Add tests for cdef_copy_rect8_8bit_to_16bit and
cdef_copy_rect8_16bit_to_16bit, and enable them for all the architecture
extensions that implement these functions.

Change-Id: I034085d7465fc17f61bfbad6d204f5e4ba077ae0
diff --git a/test/cdef_test.cc b/test/cdef_test.cc
index fea7dea..ee18f1e 100644
--- a/test/cdef_test.cc
+++ b/test/cdef_test.cc
@@ -401,6 +401,173 @@
       ref_elapsed_time, elapsed_time, ref_elapsed_time / elapsed_time);
 }
 
+#define MAX_CDEF_BLOCK 256
+
+constexpr int kIterations = 100;
+
+using CDEFCopyRect8To16 = void (*)(uint16_t *dst, int dstride,
+                                   const uint8_t *src, int sstride, int width,
+                                   int height);
+
+using CDEFCopyRect8To16Param = std::tuple<CDEFCopyRect8To16, CDEFCopyRect8To16>;
+
+class CDEFCopyRect8to16Test
+    : public ::testing::TestWithParam<CDEFCopyRect8To16Param> {
+ public:
+  CDEFCopyRect8to16Test()
+      : rnd_(libaom_test::ACMRandom::DeterministicSeed()),
+        test_func_(GET_PARAM(0)), ref_func_(GET_PARAM(1)) {}
+  ~CDEFCopyRect8to16Test() override = default;
+  void SetUp() override {
+    src_ = reinterpret_cast<uint8_t *>(
+        aom_memalign(8, sizeof(uint8_t) * MAX_CDEF_BLOCK * MAX_CDEF_BLOCK));
+    ASSERT_NE(src_, nullptr);
+    ref_dst_ = reinterpret_cast<uint16_t *>(
+        aom_memalign(16, sizeof(uint16_t) * MAX_CDEF_BLOCK * MAX_CDEF_BLOCK));
+    ASSERT_NE(ref_dst_, nullptr);
+    test_dst_ = reinterpret_cast<uint16_t *>(
+        aom_memalign(16, sizeof(uint16_t) * MAX_CDEF_BLOCK * MAX_CDEF_BLOCK));
+    ASSERT_NE(test_dst_, nullptr);
+  }
+
+  void TearDown() override {
+    aom_free(src_);
+    aom_free(ref_dst_);
+    aom_free(test_dst_);
+  }
+
+  void test_copy_rect_8_to_16(CDEFCopyRect8To16 test_func,
+                              CDEFCopyRect8To16 ref_func) {
+    constexpr int stride = MAX_CDEF_BLOCK;
+    int error = 0;
+    for (int k = 0; k < kIterations && !error; k++) {
+      // Generate a random value between 1 and 256, making sure height is even.
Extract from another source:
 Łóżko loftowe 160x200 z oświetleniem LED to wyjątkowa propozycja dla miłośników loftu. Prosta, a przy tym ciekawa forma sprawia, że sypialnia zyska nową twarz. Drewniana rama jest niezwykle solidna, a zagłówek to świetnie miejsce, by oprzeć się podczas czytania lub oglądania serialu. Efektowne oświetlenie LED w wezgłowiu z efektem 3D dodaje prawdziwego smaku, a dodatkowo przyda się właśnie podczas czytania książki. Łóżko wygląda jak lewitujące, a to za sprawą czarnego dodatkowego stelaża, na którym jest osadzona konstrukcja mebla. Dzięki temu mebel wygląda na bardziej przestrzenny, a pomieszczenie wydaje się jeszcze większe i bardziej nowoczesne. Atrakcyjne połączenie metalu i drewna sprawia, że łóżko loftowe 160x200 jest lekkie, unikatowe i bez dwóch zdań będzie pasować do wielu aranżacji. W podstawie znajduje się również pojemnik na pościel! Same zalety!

+      // Test once for very small values to avoid potential overflows.
+      const int width = k == 0 ? 2 : rnd_.Rand8() % 256 + 1;
+      const int height = k == 0 ? 2 : (rnd_.Rand8() % 128 + 1) * 2;
+      for (int i = 0; i < height; i++) {
+        for (int j = 0; j < width; j++) {
+          src_[i * stride + j] = rnd_.Rand8();
+        }
+      }
+
+      ref_func(ref_dst_, stride, src_, stride, width, height);
+      test_func(test_dst_, stride, src_, stride, width, height);
+
+      int i, j;
+      for (i = 0; i < height; i++) {
+        for (j = 0; j < width; j++) {
+          if (test_dst_[i * stride + j] != ref_dst_[i * stride + j]) {
+            error = 1;
+            break;
+          }
+        }
+        if (error) {
+          break;
+        }
+      }
+      EXPECT_EQ(0, error)
+          << "Error: CDEFCopyRect8to16Test, SIMD and C mismatch." << std::endl
+          << "First error at " << i << "," << j << " ("
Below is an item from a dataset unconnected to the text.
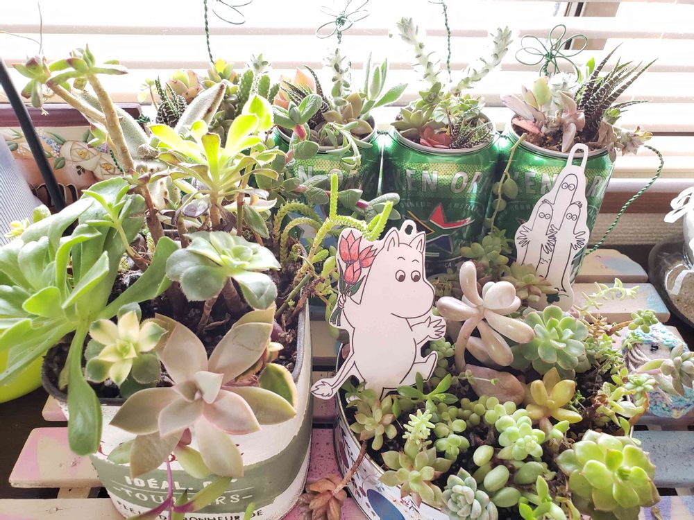 わぁ、多肉畑でムーミンとニョロニョロが楽しそうに遊んでますねー

+          << ref_dst_[i * stride + j] << " : " << test_dst_[i * stride + j]
+          << ") " << std::endl
+          << "width: " << width << std::endl
+          << "height: " << height << std::endl
+          << std::endl;
+    }
+  }
+
+ protected:
+  libaom_test::ACMRandom rnd_;
+  uint8_t *src_;
+  uint16_t *ref_dst_;
+  uint16_t *test_dst_;
+  CDEFCopyRect8To16 test_func_;
+  CDEFCopyRect8To16 ref_func_;
+};
+
+using CDEFCopyRect16To16 = void (*)(uint16_t *dst, int dstride,
+                                    const uint16_t *src, int sstride, int width,
+                                    int height);
+
+using CDEFCopyRect16To16Param =
+    std::tuple<CDEFCopyRect16To16, CDEFCopyRect16To16>;
+
+class CDEFCopyRect16to16Test
+    : public ::testing::TestWithParam<CDEFCopyRect16To16Param> {
+ public:
+  CDEFCopyRect16to16Test()
+      : rnd_(libaom_test::ACMRandom::DeterministicSeed()),
+        test_func_(GET_PARAM(0)), ref_func_(GET_PARAM(1)) {}
+  ~CDEFCopyRect16to16Test() override = default;
+  void SetUp() override {
+    src_ = reinterpret_cast<uint16_t *>(
+        aom_memalign(16, sizeof(uint16_t) * MAX_CDEF_BLOCK * MAX_CDEF_BLOCK));
+    ASSERT_NE(src_, nullptr);
+    ref_dst_ = reinterpret_cast<uint16_t *>(
+        aom_memalign(16, sizeof(uint16_t) * MAX_CDEF_BLOCK * MAX_CDEF_BLOCK));
+    ASSERT_NE(ref_dst_, nullptr);
+    test_dst_ = reinterpret_cast<uint16_t *>(
+        aom_memalign(16, sizeof(uint16_t) * MAX_CDEF_BLOCK * MAX_CDEF_BLOCK));
+    ASSERT_NE(test_dst_, nullptr);
+  }
+
+  void TearDown() override {
+    aom_free(src_);
+    aom_free(ref_dst_);
+    aom_free(test_dst_);
+  }
+
+  void test_copy_rect_16_to_16(CDEFCopyRect16To16 test_func,
+                               CDEFCopyRect16To16 ref_func) {
+    constexpr int stride = MAX_CDEF_BLOCK;
+    int error = 0;
+    for (int k = 0; k < kIterations && !error; k++) {
+      // Generate a random value between 1 and 256, making sure height is even.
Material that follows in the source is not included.